NY Times' Ombudsman Column Focuses on Biases -- But It's Not What You Think

There's heightened sensitivity about media bias because of the presidential election, especially about the usual suspects like the New York Times, Wall St. Journal and Fox News.

The Times' Ombudsman, Clark Hoyt, wrote an article, "Keeping Their Opinions to Themselves,"
about readers' reactions to Times political coverage, making a couple of interesting points:
  1. "There is an entire body of scholarship devoted to what social scientists call the 'hostile media' syndrome, the belief of people with strong feelings about an issue -- any issue that the news media are hostile to their side."
  2. Speaking at a group in Montclair, NJ, Hoyt asked how many felt Times' coverage is biased, and more than half the hands went up. One audience member complained that the Times "always plays up scandals involving Republicans and buries scandals involving Democrats." Hoyt pointed out that the Times broke the Spitzer scandal and published extensive reports on Rep. Charles Rangel. The audience member's response: "I'd call that good journalism."
  3. Journalists "do have personal biases, and a long line of studies has shown that they tend to be more socially and politically liberal than the population at large...." but Hoyt cited a study that said "a link between reporters' political beliefs and news coverage has never been convincingly established." Just ask Democrats who work for Fox News.

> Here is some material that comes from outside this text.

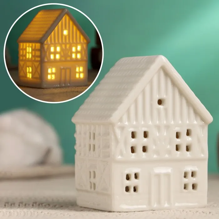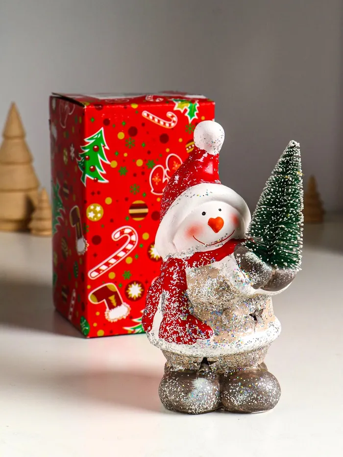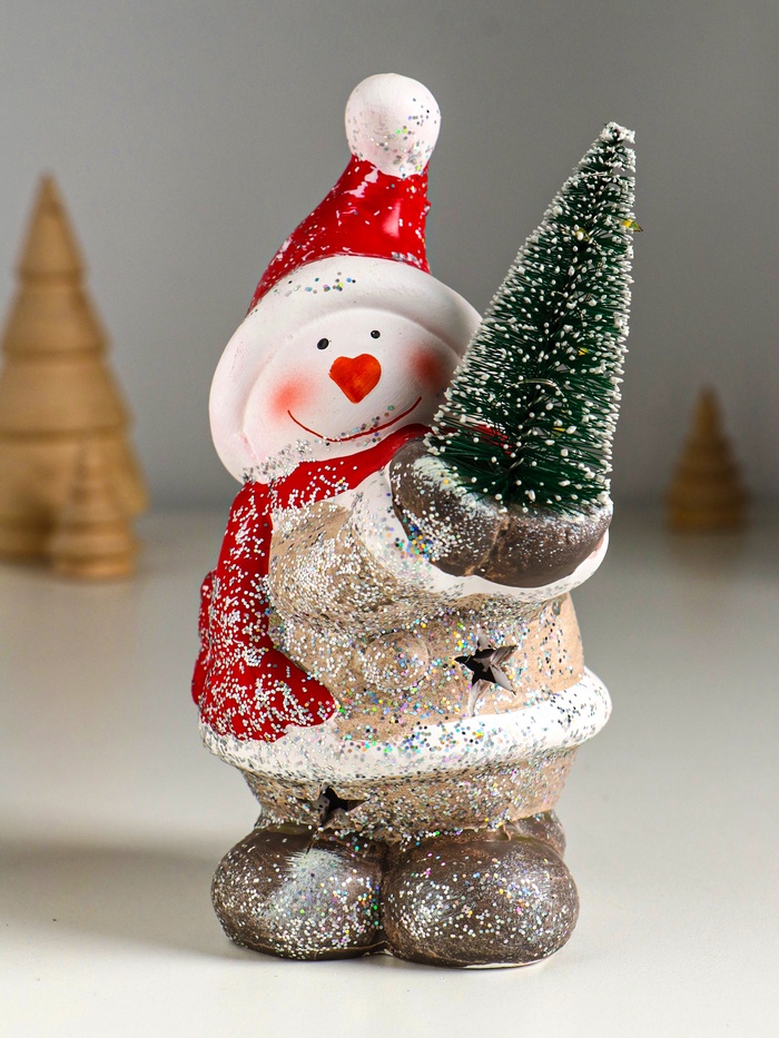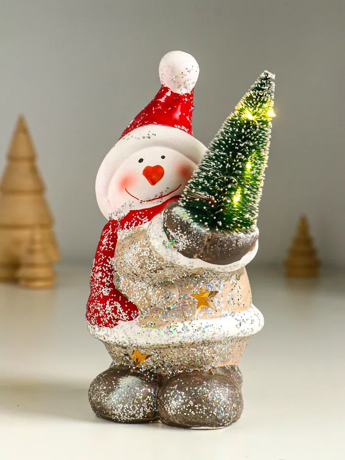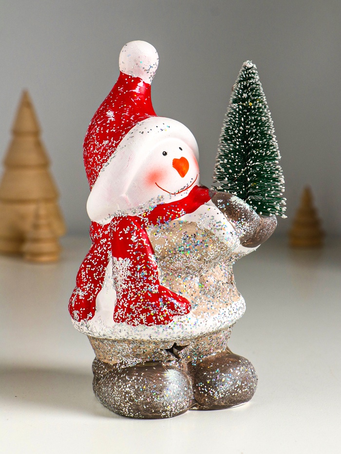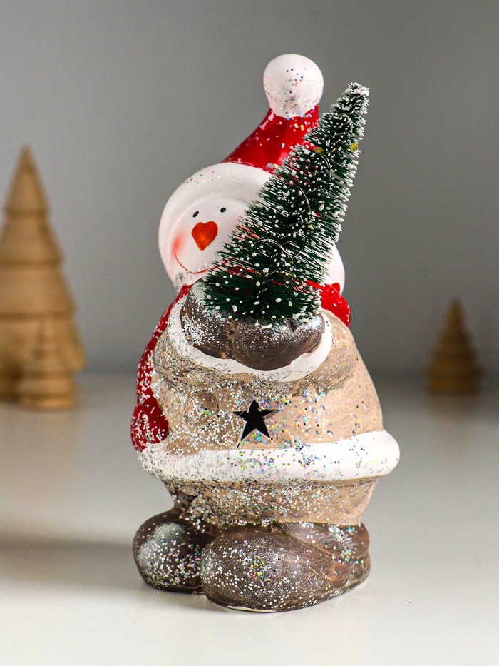 Фигурка светящаяся «Снеговик в серебристой шубке с ёлочкой», керамика, 9.5×7.5×14.5 см — Характеристики

What's most interesting, I think, is that Hoyt acknowledges that journalists do have biases -- but it's not the kind most would consider, though it is important for PR departments to be aware of them. "Journalists are biased:
  1. Toward conflict.
  2. Toward bad news because it is more exciting than good news, and, obviously,
  3. Toward what is new.
Now conflict and bad news are things most organizations want to avoid in their day-to-day operations as well as in their media coverage. The challenge is to come up with something news -- not just for the company. That's an important criteria all of us in PR need to work harder to define and achieve.